James Fulford writes:
Tubman was said to have led 300 slaves to freedom—McPherson makes it between 57 and 70.
Many of the fugitives Tubman conducted north were her relatives. That would make her the Moses of her family, rather than of her people.
Tubman was said to have had a reward of $10, 000, $12, 000, or even $40, 000 for her recapture—the last figure would be equivalent to more than a million dollars today. The largest reward actually posted was $100.
As a result, again, of the head injury related seizures, Tubman was apparently delusional. (…)
One reason for the Tubman boom: the trend of promoting antiquarian hate against whites for hundred-year-old racism and for slavery abolished a hundred and fifty years ago.

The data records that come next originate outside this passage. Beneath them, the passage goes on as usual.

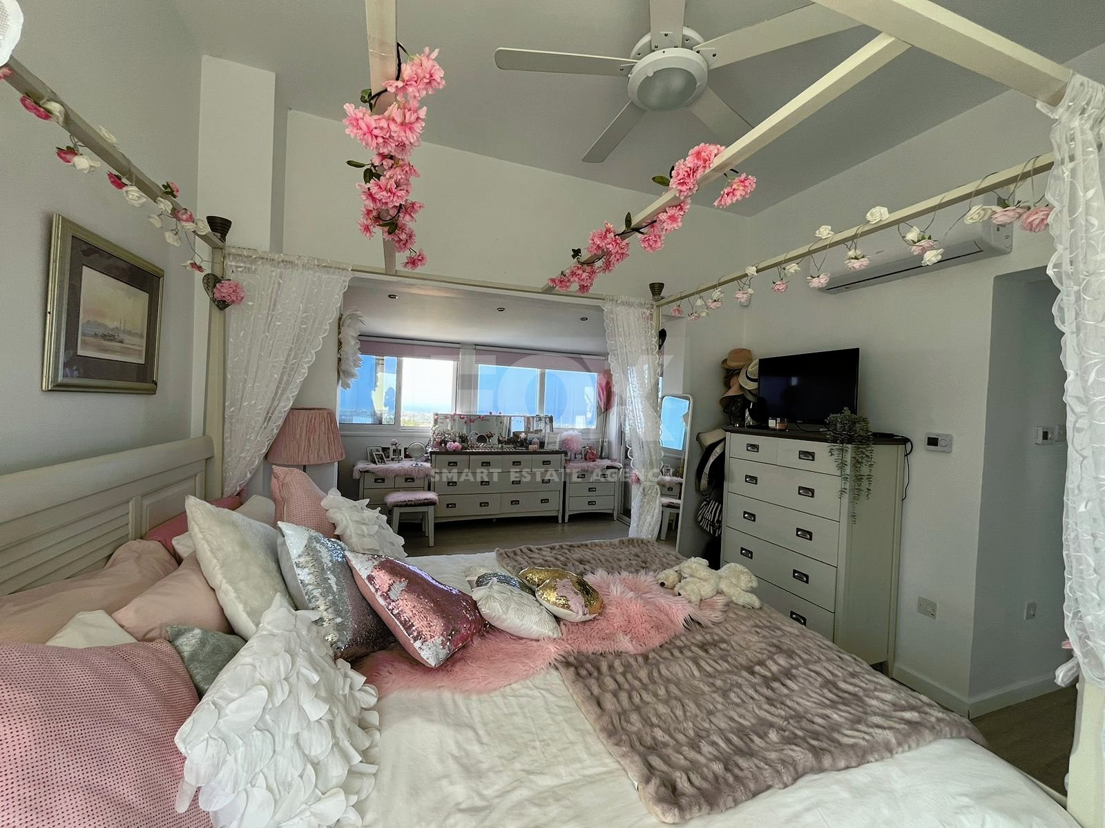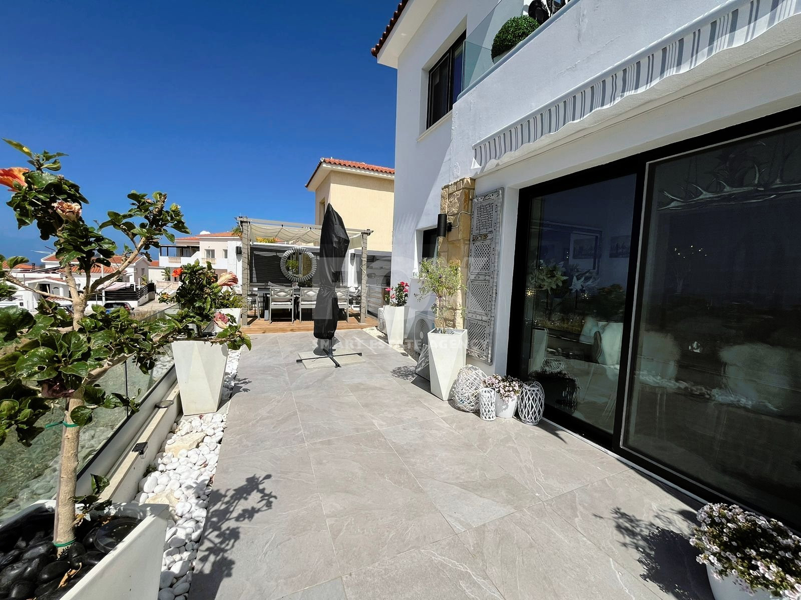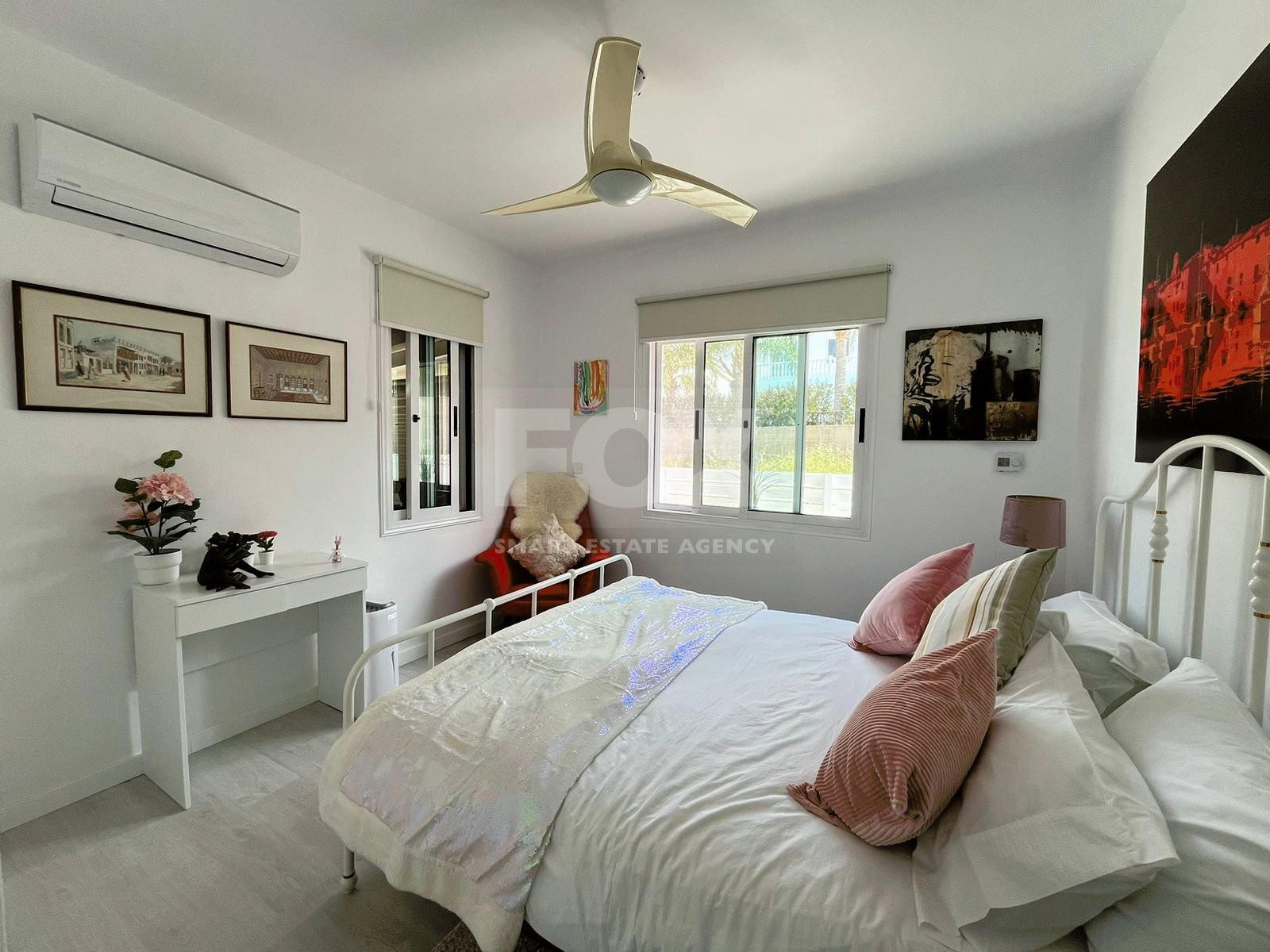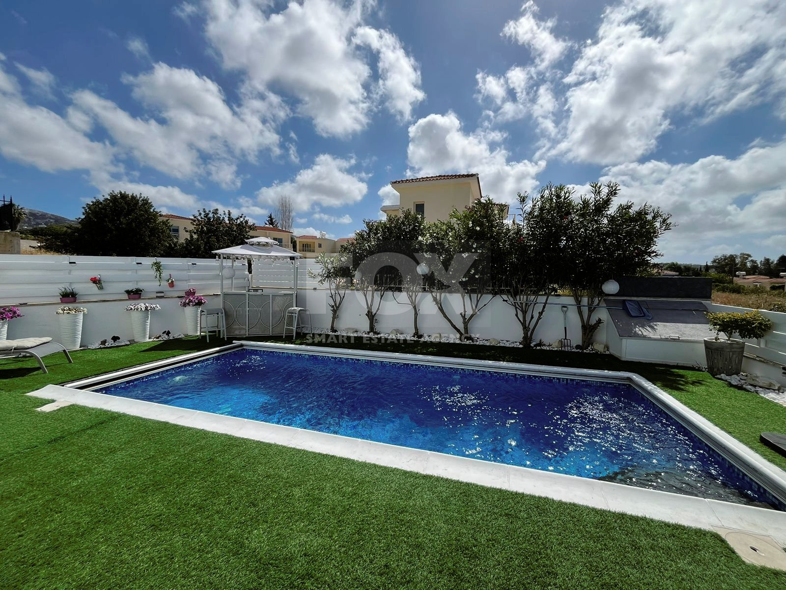 The villa has four bedrooms, three refurbished bathrooms, and an open-plan lounge, dining area, and kitchen, all renovated in the past year.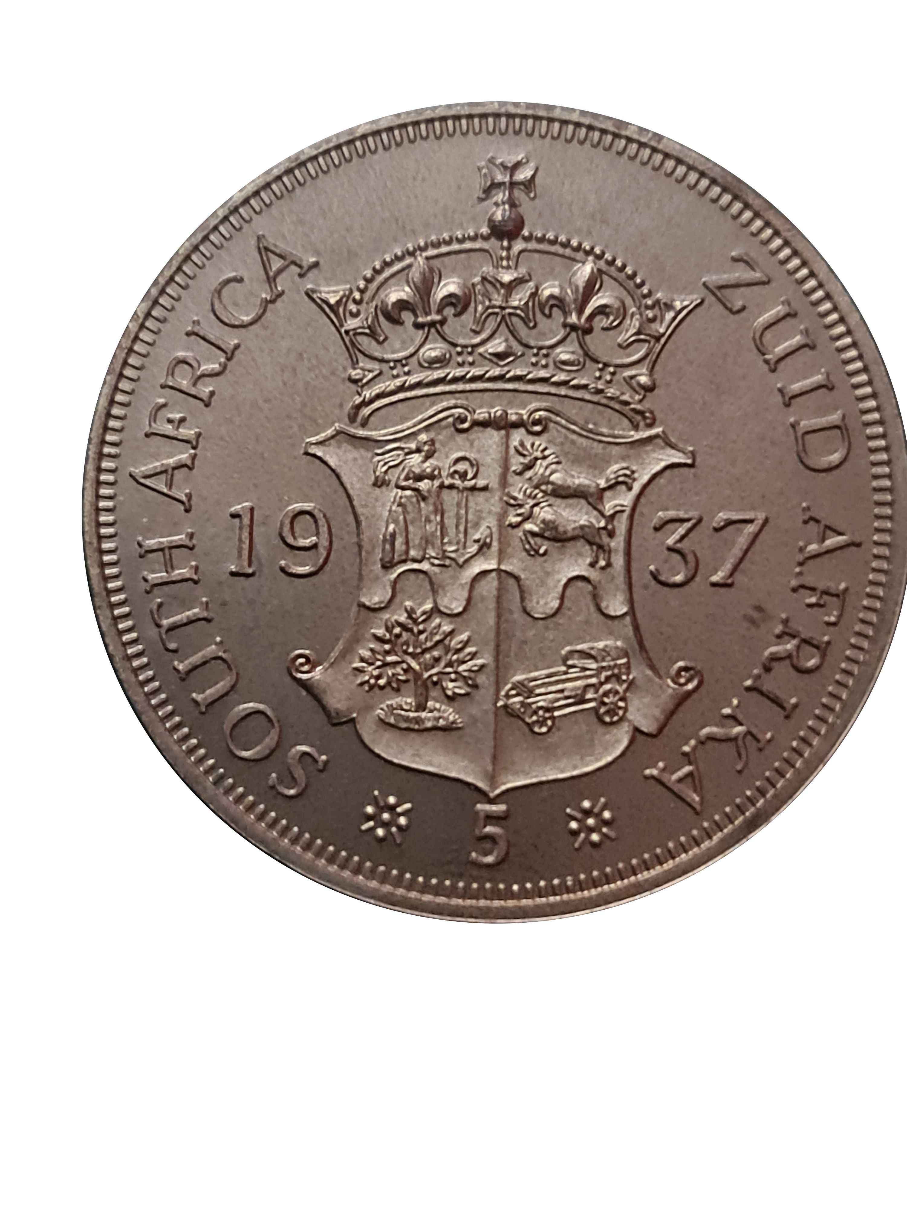 5 шилінгів, зразок 1937 року, мідь 1937 – 1937 Південна Африка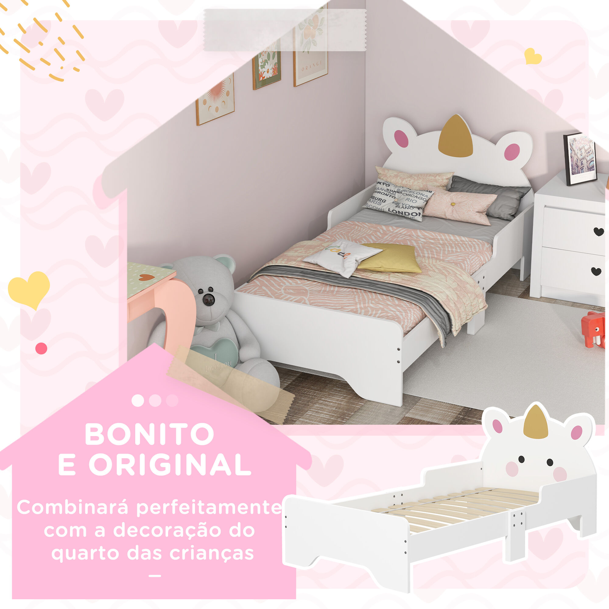 Transforma la habitación de tu hijo con esta cama infantil de ZONEKIZ, con un bonito diseño de unicornio. La seguridad es nuestra máxima prioridad, por eso cuenta con una altura baja para un fácil acceso y barandillas laterales para prevenir caídas. Su tamaño compacto facilita su colocación en cualquier espacio de tu hogar. Esta es la cama ideal para los niños, asegurando una transición suave y agradable hacia el sueño independiente.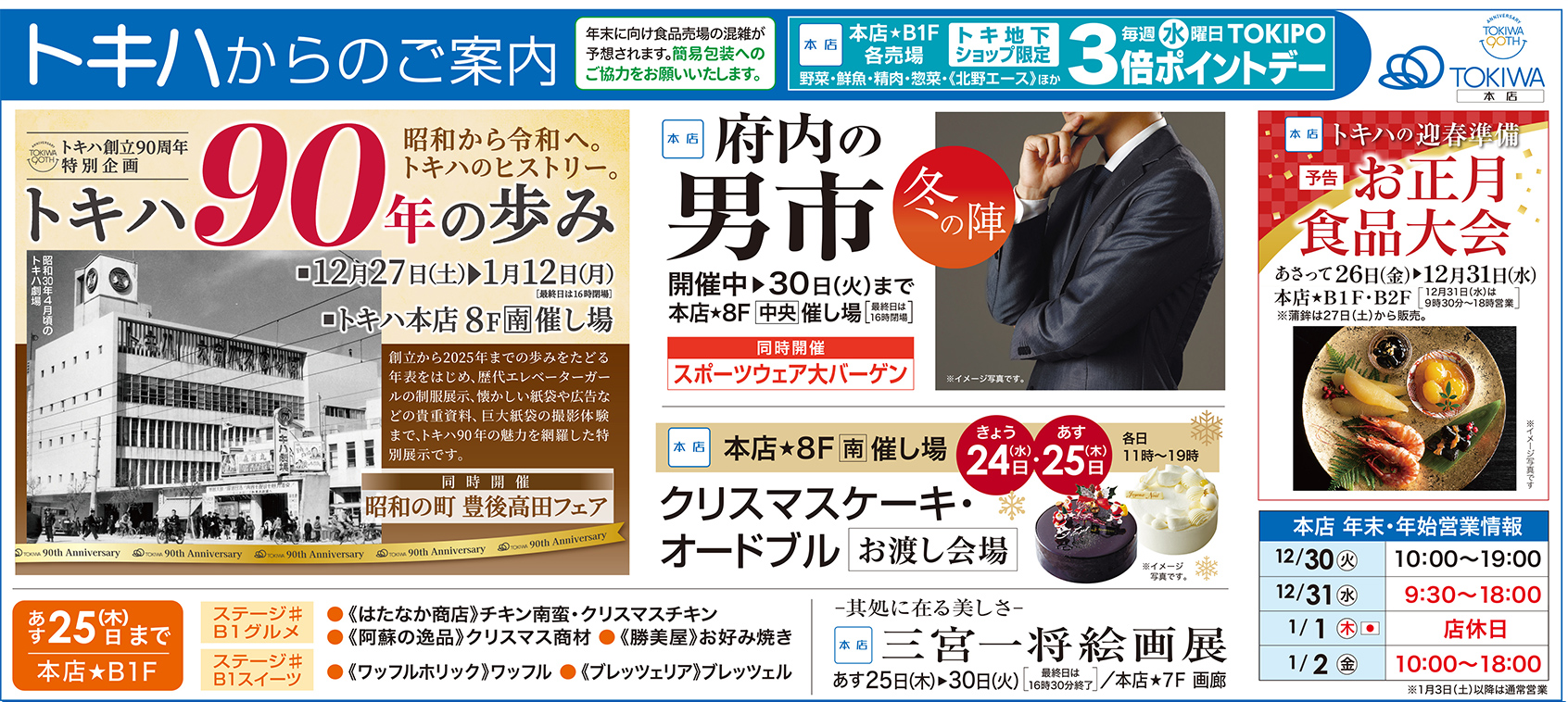 ・トキハ創立90周年特別企画 トキハ90年の歩み 12月27日(土)~1月12日(月)/本店 8F催し場/最終日は16時閉場・府内の男市 冬の陣 開催中~30日(火)/本店 8F催し場/最終日は16時閉場・クリスマスケーキ・オードブル お渡し会 きょう24日(水)・あす25日(木)/本店 8F催し場/各日11時~19時・お正月大会 あさって26日(金)~31日(水)/本店 B1F・B2F/※12月31日(水)は9時30分~18時営業
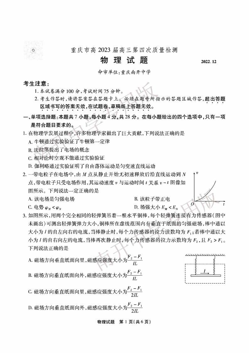 高三物理-重庆市南开中学2023届高三质量检测(四)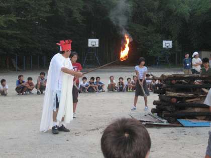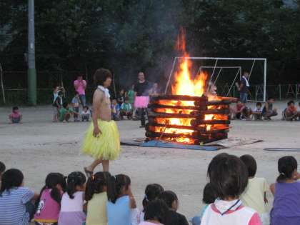 夕食にクッキングパル特製のカレーをいただき,18時30分からは,メインイベントのキャンプファイヤーです。火の神様の点火に始まり,歌のおにいさんやギターや太鼓のおじさんの登場などで大いに盛り上がりました。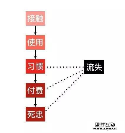 同样,用户的生命周期也可以分为五个阶段:接触,使用,习惯,付费,死忠。同时后三个阶段的用户可能随时会进入运营最不想看到的状态——流失。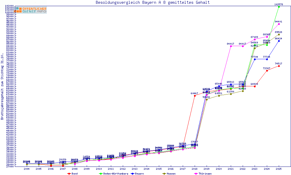| Besoldungsvergleich A 8 im Jahr 2025 | gemitteltes Gehalt | ||||||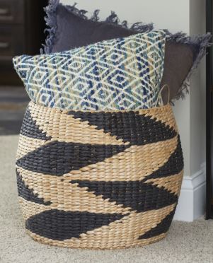 Decor Basket 16x18H Natural/Blk Wicker Handles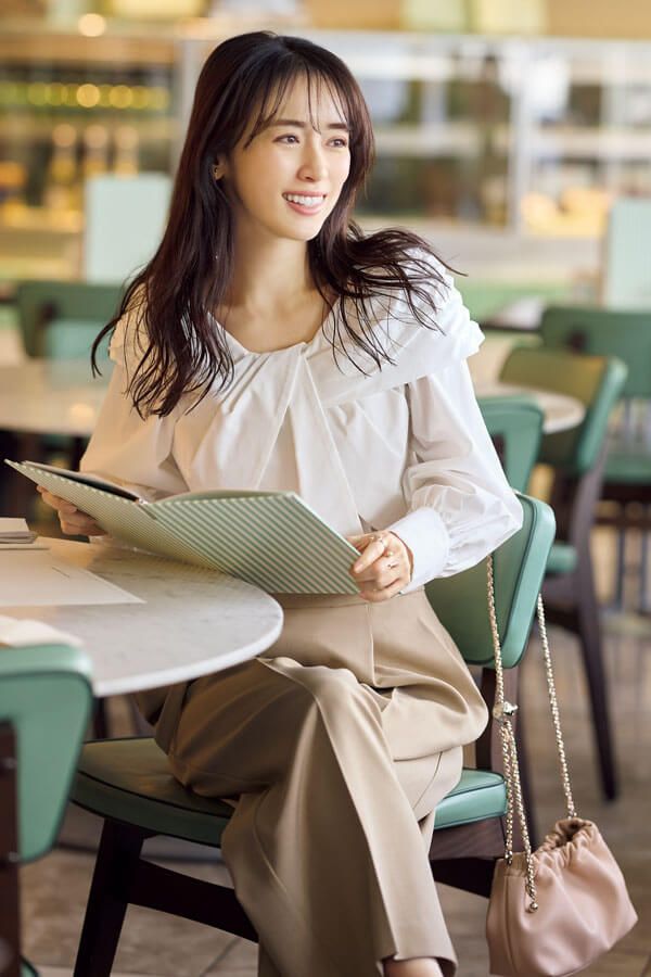 初対面からいきなり壁を作らないよう、清楚感あるベーシックコーデで。ひとさじの華感が〝自慢の彼女〟になる秘訣! リボンライクなフォルムが華やかな白ブラウスを、×ベージュパンツで気取らないクリーンなルックに。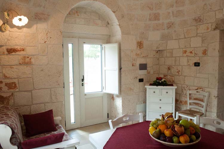 The customers of the farmhouse are hosted in trullo apartments renovated according to the ancient traditions of the trullar masters. Each apartment is elegantly furnished with poor art furniture and has one or two spacious and bright bedrooms, kitchen, large bathrooms and outdoor spaces equipped with tables, chairs and umbrellas. The apartments, all different from each other, have a kitchenette, dishes, bathroom and bedroom linen, satellite TV, DVD player, independent heating, mini bar, burglar alarm and hairdryer. The natural insulating characteristic of the Apulian rock allows to keep the houses cool during the summer and warm in the winter. To read the detailed description of the apartments click on the button.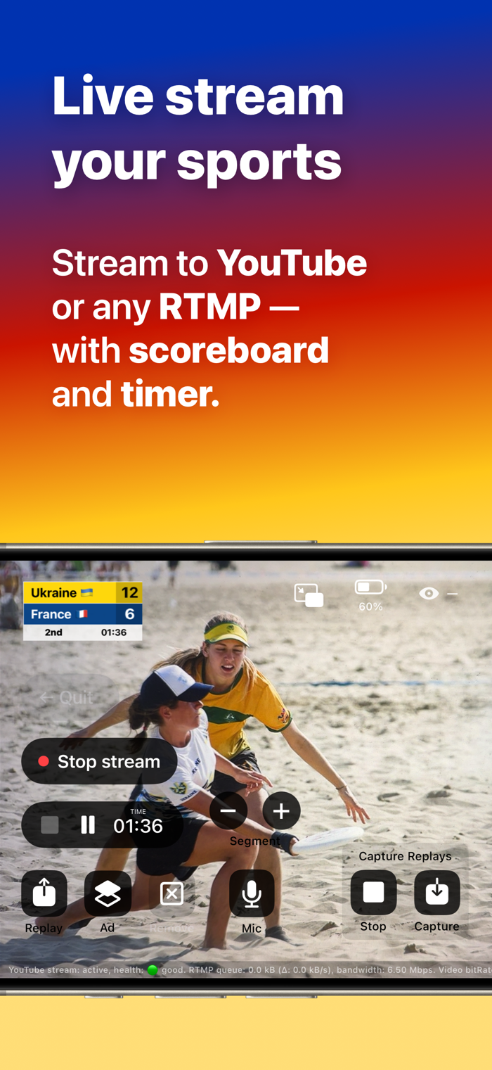Stream live sports to YouTube or any RTMP platform with professional overlays — scoreboards, timer, replays and sponsor graphics — all without extra equipment.

But there’s also another, sad reason: there are so few black heroes and heroines, and they have to take what they can get.
But does the rest of America have to put up with it on the $20 dollar bill? (…)
Milton Sennett’s 2007 book Harriet Tubman: Myth, Memory, and History, says that while mainstream publishers “ignored Harriet Tubman, interest in her was being cultivated by left-wing organizations, specifically ones connected with the radical labor movement.”
The “radical labor movement” and “labor activist Earl Conrad” both mean “Communist”, by the way. The Russian-controlled Communist Party of the USA was active in “civil rights” in the old days, for reasons of its own. That’s where the modern Tubman boom started.